_Task requirements:_
Although the data below contains pictures, output only the lines between those holding "Ausruhen nach getaner" and "You activate the", inclusive, exactly and without those pictures.

--------------------------------

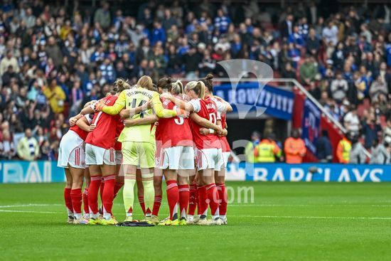 2840757 Jogadoras do Arsenal se reunem em circulo antes da partida da Barclays Women's Super League entre Arsenal e Chelsea no Emirates Stadium, em 8 de novembro de 2025, em Londres, Inglaterra. (Yaroslav Dunka / SPP)
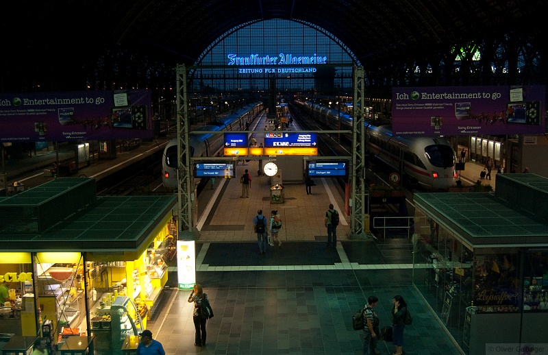 Ausruhen nach getaner Reise und einigen Fotos. Hier die Spätabendstimmung am Hauptbahnhof Frankfurt. Um 21:48 ist auch bei den ICEs bereits weniger Andrang. (13. Juli 2009)
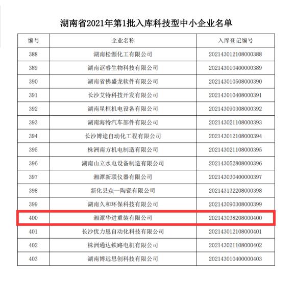 根據《科技型中小企業評價辦法》(國科發政〔2017〕115號)和《科技型中小企業評價辦法工作指引(試行)》(國科火字〔2017〕144號)要求,經審查、公示通過,華進重裝等788家企業入選2021年第一批擬入庫科技型中小企業名單。
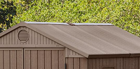 If you’re in the market for a backyard storage shed that has a wood-like appearance while also being weather resistant, the Darwin 6x8 storage shed is the shed you need. The brand new deep brown shade gives a natural, outdoor-inspired look. It comes in a shed kit that boasts easy assembly and it’s also heavy-duty. The shed itself is made from a durable resin, is double-walled and wind resistant up to 65 mph as well as steel-reinforced. So, it’ll stand up to whatever Mother Nature throws at it. The Darwin outdoor shed also offers built-in ventilation as well as an included shed floor. The spacious double doors offer ample room to move larger items like tools, lawnmowers and even outdoor furniture in and out with ease. The latch gives you a space to put a padlock on the shed, as well. With its peaked roof, windows, skylight and wood-like look, this shed will complement your yard.
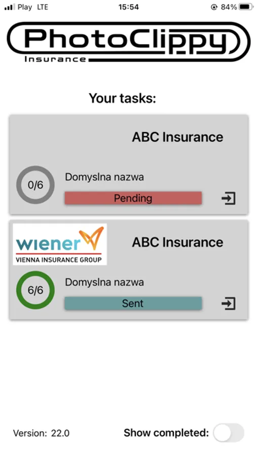 You activate the application functions by clicking on a special access link obtained from your insurance company (e.g. via SMS or email), which when clicked opens the PhotoClippy Insurance application with specific settings defined by your insurence company.
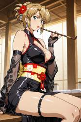 | … | 47無題Name名無し 26/02/18(水)21:52:47No.97095+ 1771419167808.jpg-(10637 B) hair ornament, kanzashi, looking at viewer, holding Japanese pipe, Japanese pipe to mouth, black top, chest cutout, cleavage, fishnet arm-covers, fingerless gloves,oriental aesthetic, sexy modern kimono-style outfit, leather gloves, sheer mesh sleeves, thigh_strap,bare_shoulders, ornate patterns, black skirt, floral print, red flowers, , indoors, washroom, shoji, wooden pillar, soft lighting,sitting,from side, |
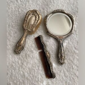 SEO Keywords: vintage vanity set, antique mirror, brush and comb set, Art Deco design, silver vanity set, elegant grooming tools, vintage home decor, collectible vanity accessories.

--------------------------------

_Exercise solution:_
 Ausruhen nach getaner Reise und einigen Fotos. Hier die Spätabendstimmung am Hauptbahnhof Frankfurt. Um 21:48 ist auch bei den ICEs bereits weniger Andrang. (13. Juli 2009)
 根據《科技型中小企業評價辦法》(國科發政〔2017〕115號)和《科技型中小企業評價辦法工作指引(試行)》(國科火字〔2017〕144號)要求,經審查、公示通過,華進重裝等788家企業入選2021年第一批擬入庫科技型中小企業名單。
 If you’re in the market for a backyard storage shed that has a wood-like appearance while also being weather resistant, the Darwin 6x8 storage shed is the shed you need. The brand new deep brown shade gives a natural, outdoor-inspired look. It comes in a shed kit that boasts easy assembly and it’s also heavy-duty. The shed itself is made from a durable resin, is double-walled and wind resistant up to 65 mph as well as steel-reinforced. So, it’ll stand up to whatever Mother Nature throws at it. The Darwin outdoor shed also offers built-in ventilation as well as an included shed floor. The spacious double doors offer ample room to move larger items like tools, lawnmowers and even outdoor furniture in and out with ease. The latch gives you a space to put a padlock on the shed, as well. With its peaked roof, windows, skylight and wood-like look, this shed will complement your yard.
 You activate the application functions by clicking on a special access link obtained from your insurance company (e.g. via SMS or email), which when clicked opens the PhotoClippy Insurance application with specific settings defined by your insurence company.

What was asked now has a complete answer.